PROBLEM DESCRIPTION: Once the line with "Белый, ацетат, оправа" has been located in the records below, set down that line and all subsequent lines exactly, omitting the pictures.
============
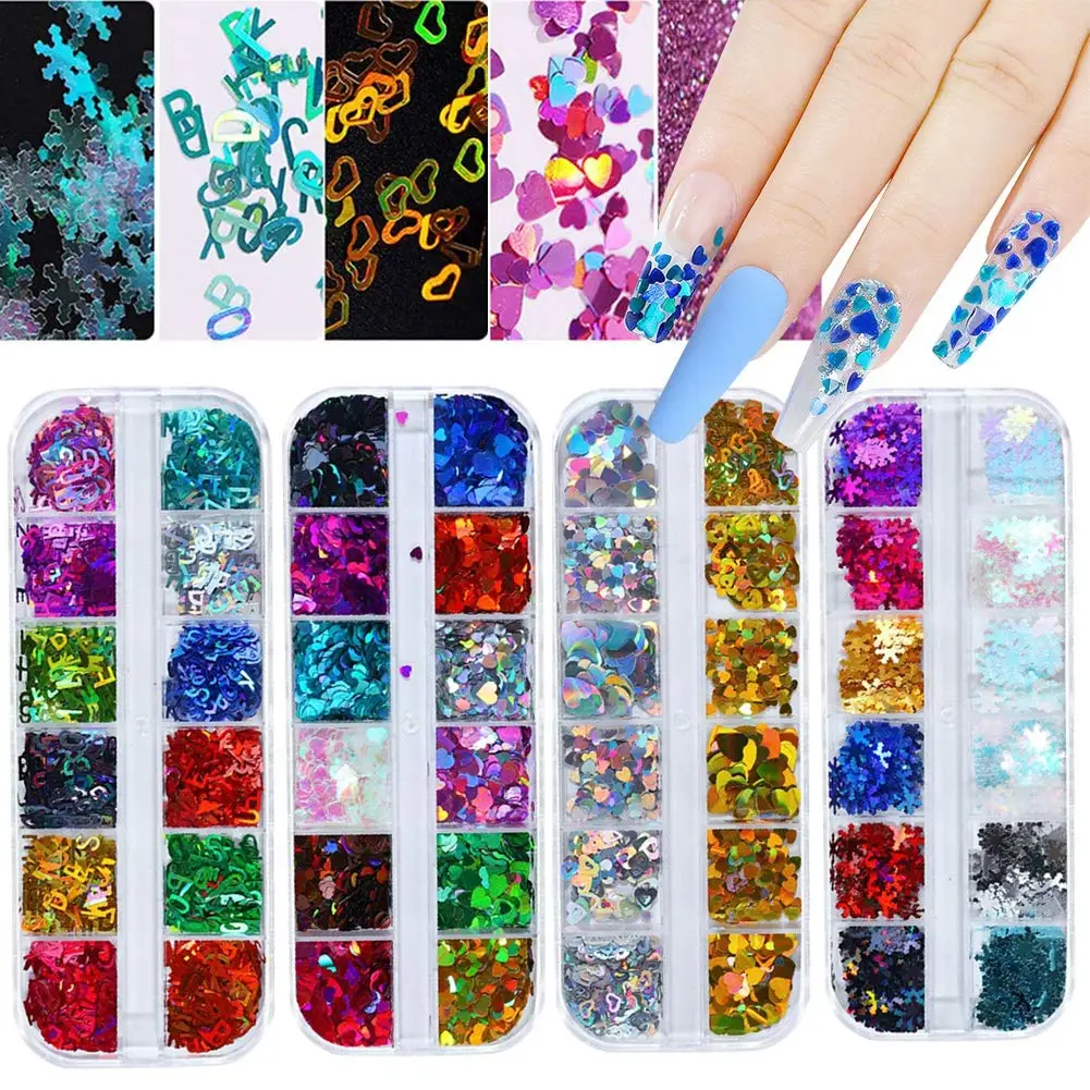 Цветные полые круглые Блестки для ногтей, 12 обвязок, разноцветный ...
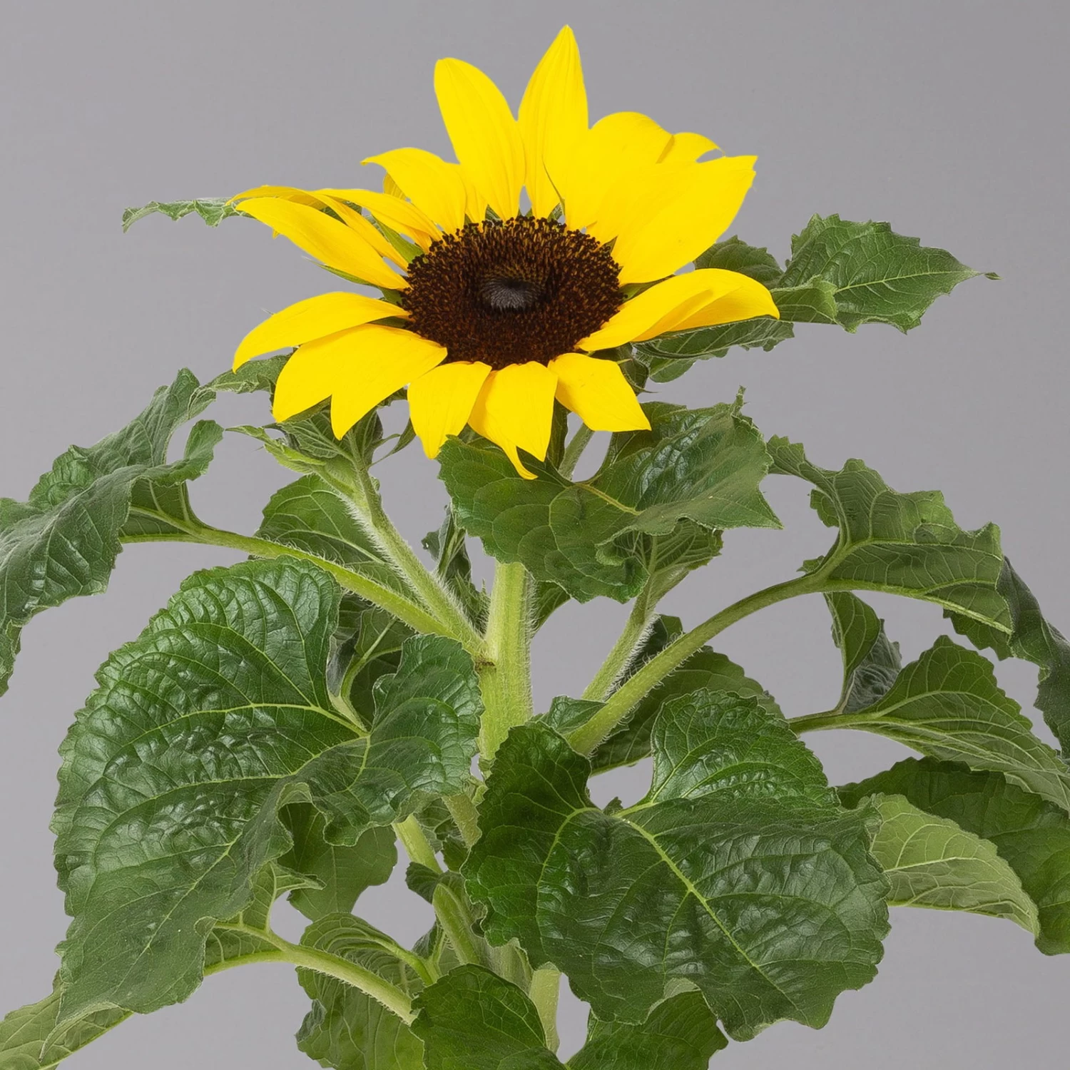 Die etwas rauen, annähernd herzförmigen Blätter der Sonnenblume (Helianthus annuus ‚Sunsation’®) überzeugen mit einem leicht matten Grün. Die Sonnenblume ‚Sunsation’® wächst aufrecht und ist vom Gärtner extra klein gehalten worden, sodass sie sich gut für den Topf eignet. Die einjährige, krautige Pflanze kann eine Wuchshöhe von ca. 50 cm erreichen.
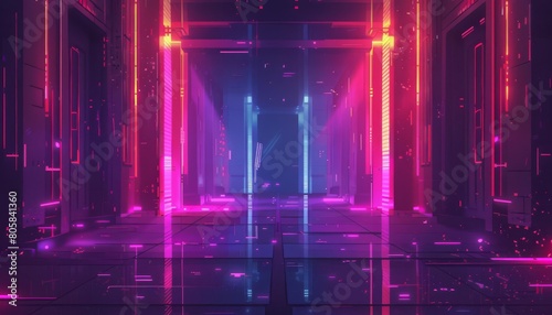 Obraz premium A futuristic scifi hallway in pixel art style, where neon lights and doors...
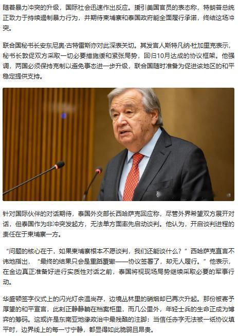 刚签和平宣言的泰柬边境再起战火,3 名泰军阵亡。 双方各执一词,泰国拒单方面谈判,国际呼吁克制,后续能否停火成悬念。 原文来自:日新说Copernicium《东盟担心的事还是发生了,泰国外长:柬埔寨不想谈,我们就继续打》
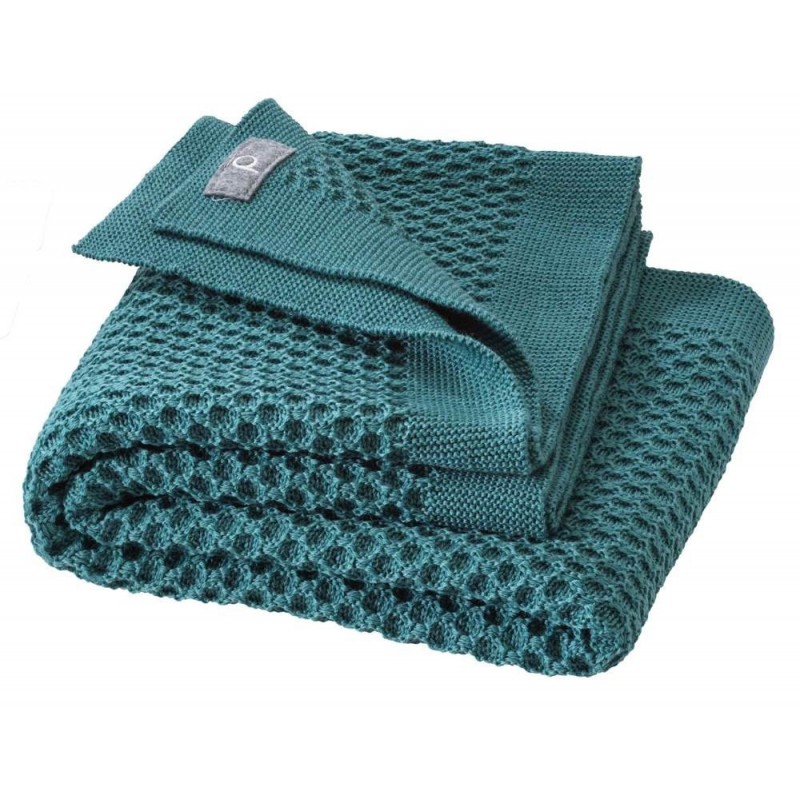 Weiche Baby Decke aus Wolle von Disana mit schönem 70er Jahre Wabenstrickmuster.
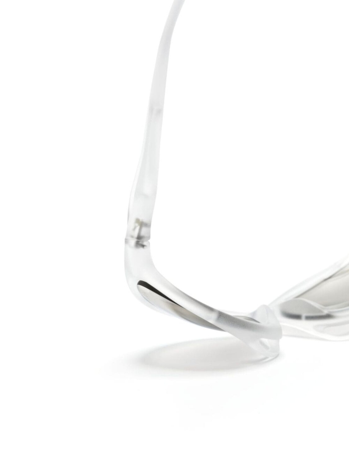 Белый, ацетат, оправа в спортивном стиле, прозрачный материал, серые линзы, линзы с защитой от ультрафиолета, вырезные детали, скульптурные дужки, логотип на дужке, дужки с закругленными концами, В комплект входит защитный чехол для очков.
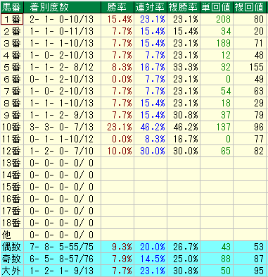- 内枠(1~4番): 1番枠の単勝回収率が208と高く、侮れません。全体的にも悪くなく、有利なゾーンと言えます。
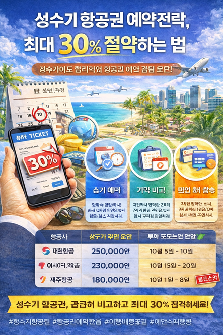 항공권을 예약하기 전에 여러 항공사와 가격을 비교하는 것이 중요합니다. 특히 성수기에는 가격 변동이 심하므로 주의가 필요합니다.
============
RESULT FOR THIS EXERCISE:
 Белый, ацетат, оправа в спортивном стиле, прозрачный материал, серые линзы, линзы с защитой от ультрафиолета, вырезные детали, скульптурные дужки, логотип на дужке, дужки с закругленными концами, В комплект входит защитный чехол для очков.
- 内枠(1~4番): 1番枠の単勝回収率が208と高く、侮れません。全体的にも悪くなく、有利なゾーンと言えます。
 항공권을 예약하기 전에 여러 항공사와 가격을 비교하는 것이 중요합니다. 특히 성수기에는 가격 변동이 심하므로 주의가 필요합니다.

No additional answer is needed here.